An exact copy of all the lines below is required, with every image left out.

-- Recorded information --

++++++++++

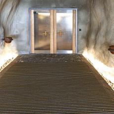 1973 Innenausbau des Kirchenraums im Felsen und des Kirchenvor-baus im Freien. Fertigstellung Felsenverkleidungsarbeiten Hauptzu-gang.
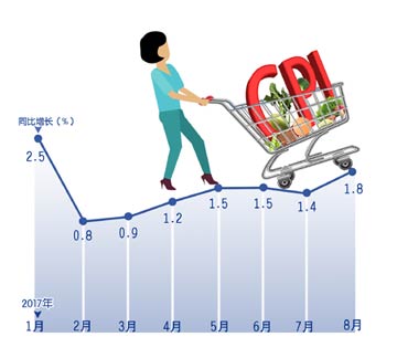 統(tǒng)計(jì)局?jǐn)?shù)據(jù)顯示,8月份,CPI環(huán)比上漲0.4%,同比上漲1.8%;PPI環(huán)比上漲0.9%,同比上漲6.3%。
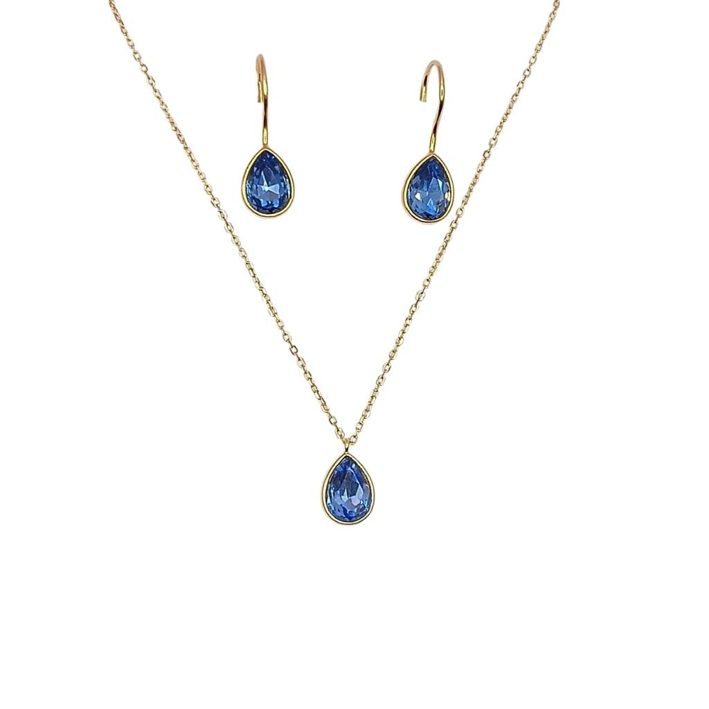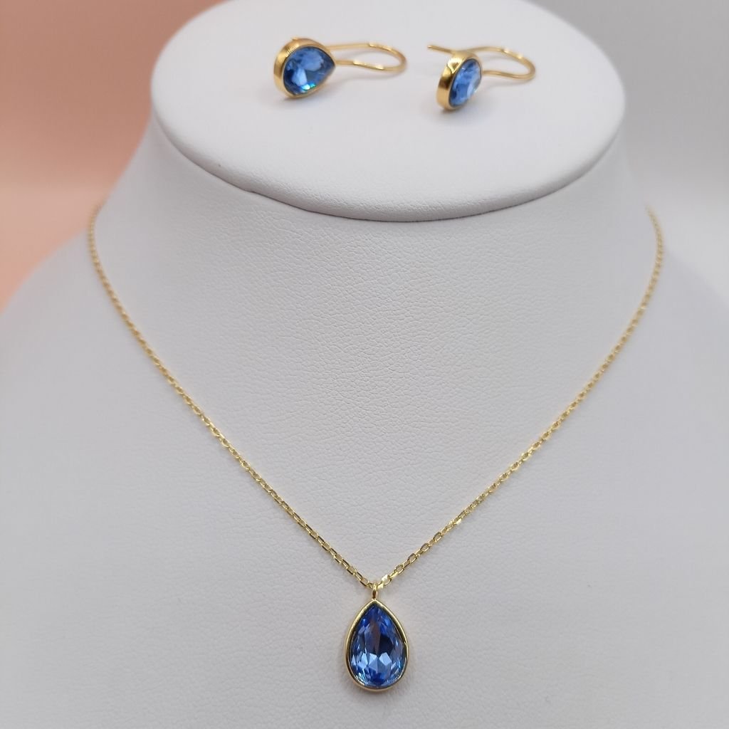 Κομψό σετ με επίχρυση αλυσίδα και σκουλαρίκια, διακοσμημένα με γαλάζιο ζιργκόν σε σχήμα σταγόνας.

++++++++++

-- Solution to the exercise --
 1973 Innenausbau des Kirchenraums im Felsen und des Kirchenvor-baus im Freien. Fertigstellung Felsenverkleidungsarbeiten Hauptzu-gang.
 統(tǒng)計(jì)局?jǐn)?shù)據(jù)顯示,8月份,CPI環(huán)比上漲0.4%,同比上漲1.8%;PPI環(huán)比上漲0.9%,同比上漲6.3%。
 Κομψό σετ με επίχρυση αλυσίδα και σκουλαρίκια, διακοσμημένα με γαλάζιο ζιργκόν σε σχήμα σταγόνας.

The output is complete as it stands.